Of course, the quantum of any unpaid present entitlement that is owed from JDT to Jones Pty Ltd would also be affected by any other income or expenses that JDT has in its own right that are unrelated to the distributions that it has received from JUT and JIUT. If, for example, JDT has funded its investments into JUT and JIUT with interest bearing debt, it would have incurred interest expense in its own right that would have reduced the amount of distributable income available.
To modify the above example, assume that JDT has incurred interest expense of, say, $3,000 over the relevant period, which means that the unpaid present entitlement owing to Jones Pty Ltd from JDT is reduced by a corresponding amount (from $18,000 to $15,000). The question then arises as to the extent that the interest expense is to be allocated against the two elements of the composite distribution.

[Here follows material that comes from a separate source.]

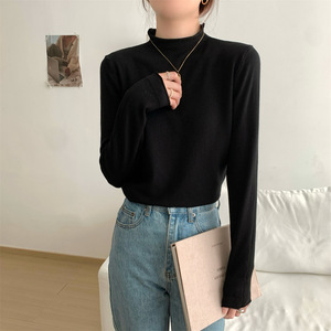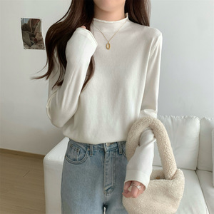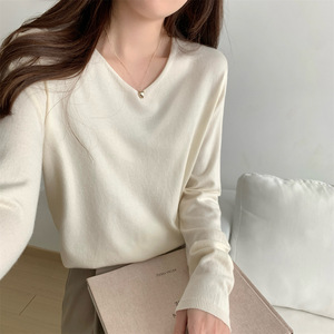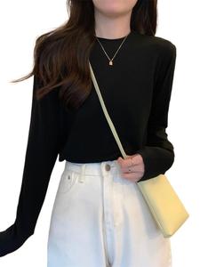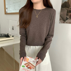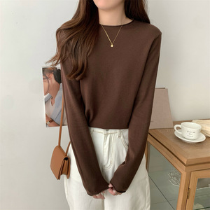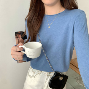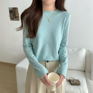 韩版基础款圆领卷边针织衫打底女早秋慵懒风毛衣长袖软糯内搭上衣
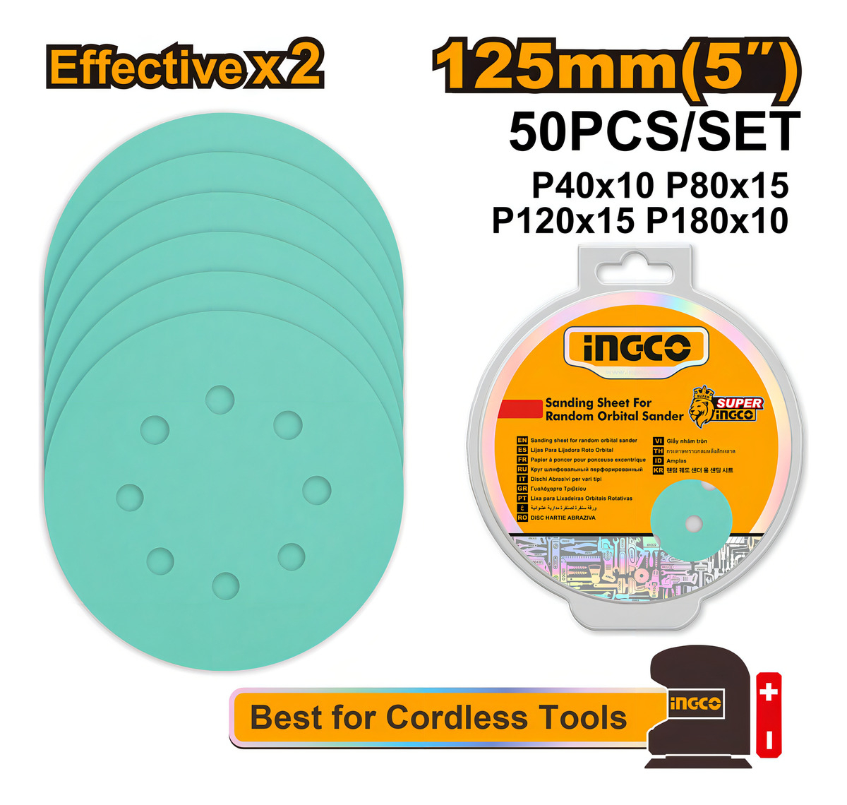 Pack Lijas Rotorbital Velcro 125mm Grano 40-80-120-180 Ingco Cantidad De Granos 4080120180USD 16,00

If, for example, the facts are that two thirds of the interest expense incurred by JDT relates to the distributions derived from JUT, with the balance relating to the JIUT distributions, this should mean that the two elements of the composite unpaid present entitlement of $15,000 are respectively $8,000 for the JUT component and $7,000 for the JIUT component. Accordingly, given these modified facts, should a payment of $8,000 be made by JDT to Jones Pty Ltd before the relevant determination time, this should mean that the deemed unpaid present entitlement owing from JUT to Jones Pty Ltd should be nil.
|Additional examples including composite entitlement examples will be included in the final Determination. Included will be examples based on the example provided.|
Minority of unpaid present entitlement sourced in distribution from other trust
The nexus between the two entitlements (that is, the private company's entitlement from the interposed trust and that interposed trust's entitlement to an amount from the target trust) would become remote in circumstances where the interposed trust has income from other sources (and consequently it would be difficult to say reasonably that the solely or mainly test was satisfied) as illustrated in the following scenario.
Given that a significant majority of the $22,000 that Smith Pty Ltd is entitled to is funded from dividend income, for the purposes of subsection 109XI(1)(b) it is questioned whether a reasonable person would be able to conclude that the company is or becomes entitled to the $22,000 UPE solely or mainly as part of an arrangement involving an entitlement from the target trust.
In the event that subsection 109XI(1)(b) were held to be satisfied, for the purpose of subsection 109XI(4) would the Commissioner determine that Smith Pty Ltd is taken to be entitled to $2,000 of the net income of the target trust or a different amount?.
|The Commissioner only determines the amount of the deemed entitlement if the conditions in subsection 109XI(1) have been satisfied. Therefore, both the draft Determination and the final Determination proceed on the that those conditions (including paragraph 109XI(1)(b)) have been satisfied.
When the condition in paragraph 109XI(1)(b) is satisfied is a separate issue that is not addressed in either the draft Determination or final Determination.
Additional examples including multiple income sources and expenses will be included in the final Determination.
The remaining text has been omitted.